His fourth movie, De Battre Mon Cœur s'est Arrêté, received 10 nominations at the Césars and won eight, among them the Césars for Best Film, Best Director, Best Screenplay, Best Film Music and Best Cinematography.

In 2009, A Prophet won the Grand Prix at Cannes and the BAFTA award for Best Film Not in the English Language, and was nominated for 13 César Awards, winning nine: Best Film, Best Director, Best Actor and Most Promising Actor for Tahar Rahim, Best Supporting Actor for Niels Arestrup, Best Original Screenplay, Best Cinematography, Best Editing and Best Production Design.

In 2013, Rust and Bone received two BAFTA nominations, two Golden Globe nominations and nine César nominations (including Best Actress for Marion Cotillard), winning four: Best Adapted Screenplay, Most Promising Actor for Matthias Schoenaerts, Best Original Music for Alexandre Desplat and Best Editing for Juliette Welfling.
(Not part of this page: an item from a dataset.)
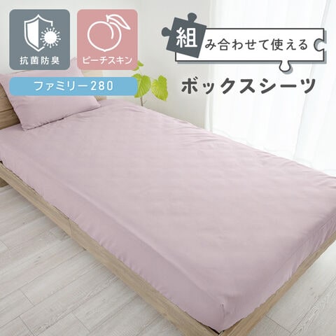 ボックスシーツ 抗菌防臭 ファミリー 280×200×35cm なめらか ピーチスキン ベッドシーツ【無地スモーキーピンク】組み合わせて使えるカバー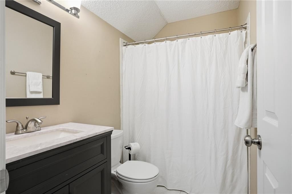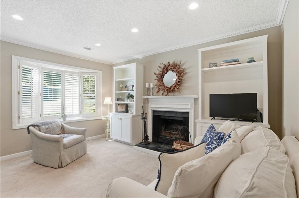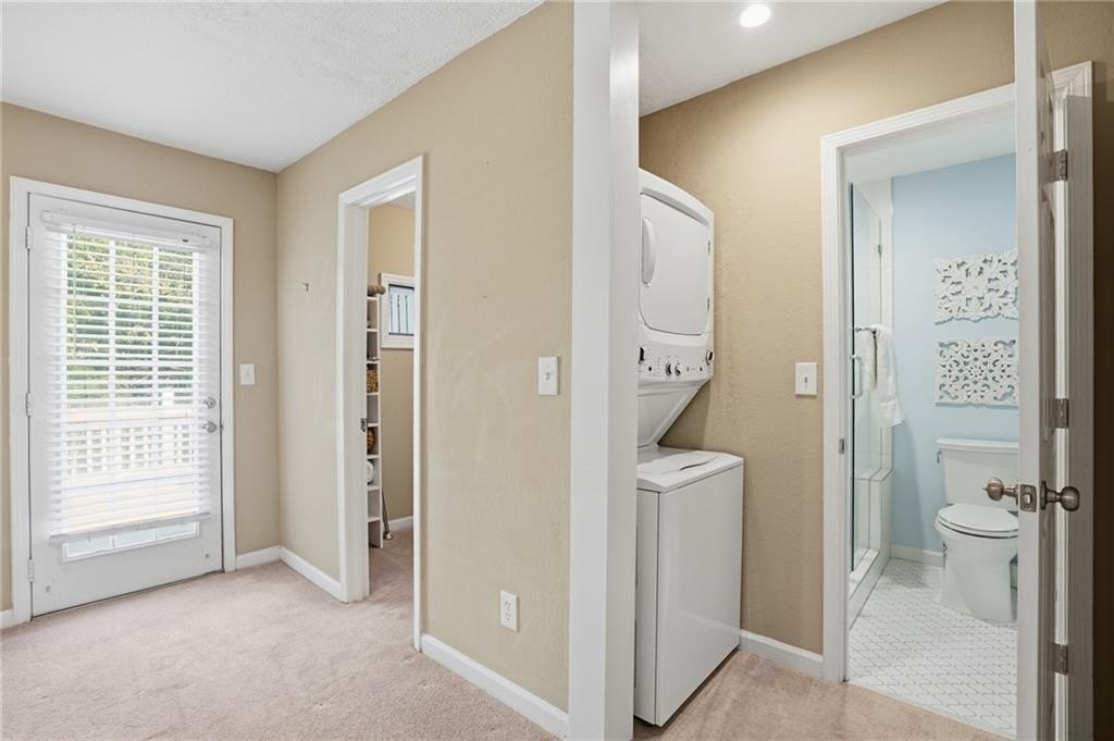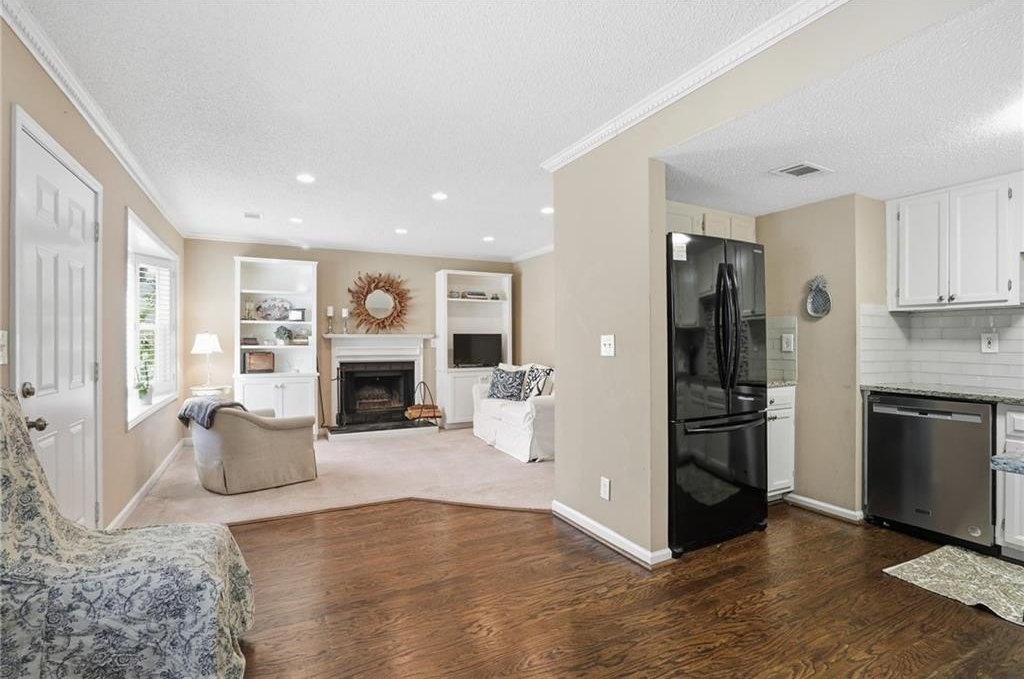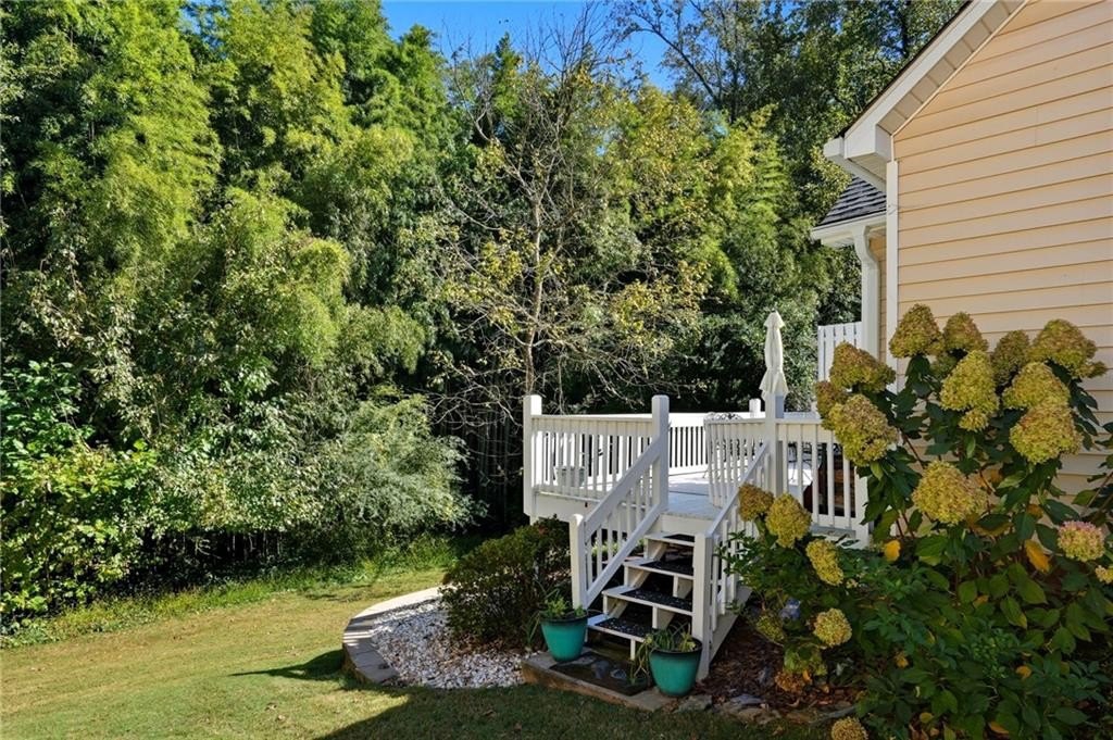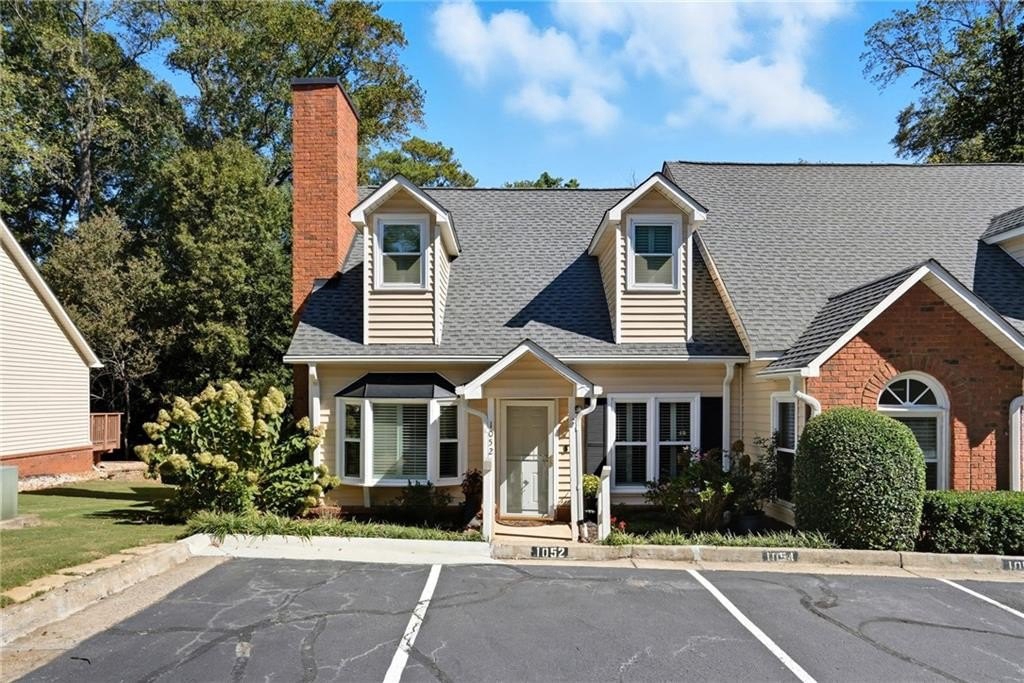 Charming End-Unit Townhome Near Historic Roswell. This beautifully maintained end-unit townhome offers effortless functionality and comfortable living. The open-concept layout connects the living room, dining area, and kitchen, creating a perfect flow for everyday living and entertaining. Step outside to the back deck overlooking a private wooded view. The primary suite on the main level features a renovated bath with a walk-in shower, custom tile, and stylish vanity, plus a spacious walk-in closet. The inviting living area includes a fireplace with built-in bookcases, Two laundry areas - stackable on main level and laundry in hall on the upper level.

In 2015, his seventh movie, Dheepan won the Palme d'Or at Cannes and received nine César nominations.

He has released some music videos, among them Comme Elle Vient by Noir Désir in which all the actors were deaf-mute and interpreted the lyrics of the song in sign language. The beginning of the feature (a sequence with subtitles) created a minor scandal; it displayed three women discussing politics who come to the conclusion that "it is better to be deaf than to listen to that".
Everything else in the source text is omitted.